University of California at Berkeley

In Chinese, Data Searches Require a Different Approach

 by Fernando Quintero

Anyone who has ever experienced the technological marvel of typing a few key words into an online search and triggering a listing of sources on the most arcane topic will appreciate the kind of research being done by Fred Gey.

Gey and his colleagues at the UC Data Archive and School of Information Management and Systems have been at the forefront of research into effective retrieval of information from large document collectionsăresearch that makes "key word" computer searches possible.

Since 1991, Gey, assistant director of the UC Data Archive, along with Information and Management Systems Professor William Cooper and a number of graduate students, have participated in an annual international showcase and annual conference at which retrieval methods are evaluated.

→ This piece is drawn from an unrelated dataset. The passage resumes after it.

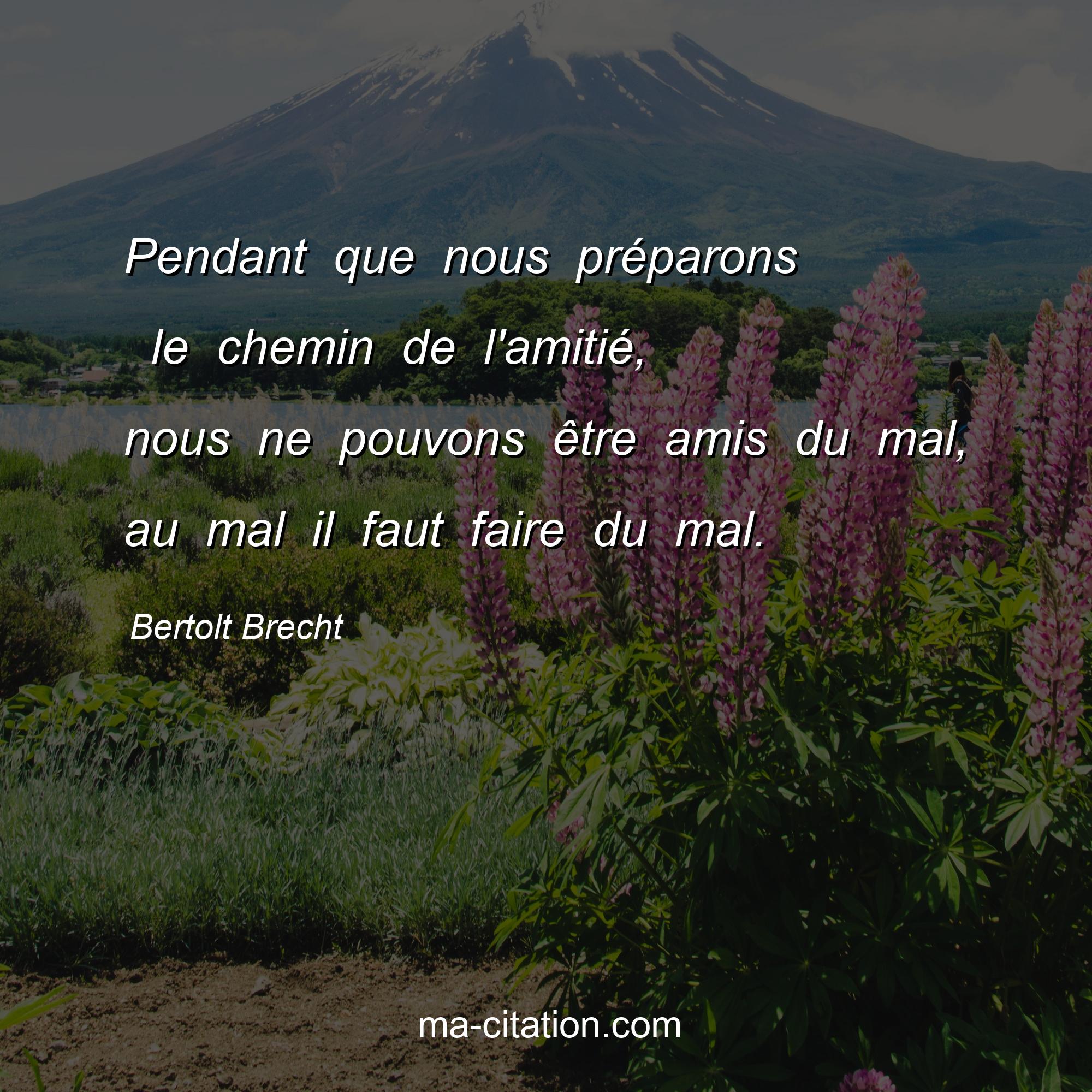 Citation sur l'amitié de Bertolt Brecht :Pendant que nous préparons le chemin de l'amitié, nous ne pouvons être amis du mal, au mal il faut faire du mal.

These conferences bring together top document retrieval researchers from around the world to demonstrate their techniques.

The Berkeley research group, whose algorithms and methods have always performed well in English, now awaits the results of their new Chinese retrieval system at the next Text Retrieval Conference to be held in Washington Nov. 20 to 22.

"Computerized document retrieval for Oriental languages presents a special challenge because they have no blanks or white space to denote word boundaries," said Gey.

"It is as if all words in English were run together."

To accomplish the task of retrieval against a collection of 70,000 news stories from the People's Daily newspaper from Beijing and the Xian Hua News Agency Chinese wire service, the Berkeley group had to modify their computers to read and display Chinese characters.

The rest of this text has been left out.